Architecture
The Autonomous Incident Agent (AIA) is a modular, event-driven system designed to automatically detect, analyze, and create fix suggestions for application failures. It uses OpenTelemetry for observability, AI for analysis, and GitHub for delivering fixes.
#System Overview
AIA is composed of several specialized microservices that coordinate to handle the incident lifecycle.
Core Services
1. Agent (apps/agent)
The OpenTelemetry receiver running on port 4318. Receives OTEL traces and logs from your application, detects errors using built-in detectors (HTTP 5xx, exceptions, latency spikes, crashes), and forwards incidents to the Router.
Key Features:
- OTEL HTTP endpoint (
/v1/traces,/v1/logs) - Built-in error detectors
- Trace ID-based deduplication (30-second window)
2. Router (apps/router)
The incident orchestrator. Receives detected incidents from the Agent, enriches them with context (snapshots, file paths), stores them in the State service, and triggers the Autopsy service for analysis.
Key Features:
- Incident enrichment with code snapshots
- State persistence coordination
- Autopsy triggering
3. Autopsy (apps/autopsy)
The AI-powered analysis engine.
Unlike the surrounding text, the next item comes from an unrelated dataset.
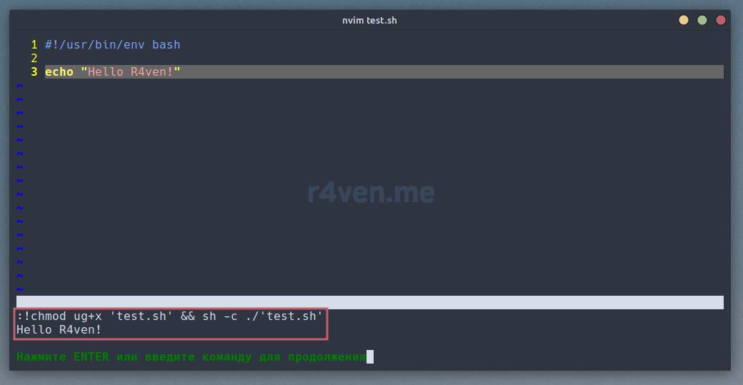 F5 | Назначено выполнение внешней команды для клавиши F5. Эта команда включает в себя использование chmod и запуск текущего редактируемого файла в виде скрипта во всплывающем окне. Однако это действие осуществляется только для файлов с определенными форматами, а именно sh (shell) и py (python). Подробности об этом будут описаны далее. |

Uses You.com API to analyze incidents and generate:
- Root cause analysis
- Code patches (git diff format)
- AI fix prompts for developers
- Step-by-step manual remediation instructions
Key Features:
- AI reasoning (You.com API)
- Patch generation with validation
- Detailed fix instructions
- Confidence scoring
4. State (apps/state)
The persistence layer using PostgreSQL (Neon). Stores all incident data, autopsy results, and PR metadata.
Database Schema:
incidentstable: Core incident dataautopsy_resultstable: AI analysis results- Indexed by incident_id for fast lookups
5. Git (apps/git)
The GitHub integration service. Handles all git operations:
- Clones repository using GitHub token
- Creates incident branch (
aia/incident-{id}) - Attempts to apply AI-generated patch
- Commits changes (or saves failed patch)
- Pushes to GitHub
- Creates Pull Request with fix details
Key Features:
- Automatic patch application
- Failed patch handling (
patch_failed_*.diff) - PR creation with detailed context
6. Dashboard (apps/dashboard)
The web UI for monitoring incidents. Provides:
- Real-time incident list
- Autopsy results viewer
- AI fix prompt (copy-to-clipboard)
- Manual remediation steps
- GitHub PR links
- PDF report generation
Tech Stack: Bun + HTML templates
7. Web (apps/web)
The marketing/landing page with Clerk authentication.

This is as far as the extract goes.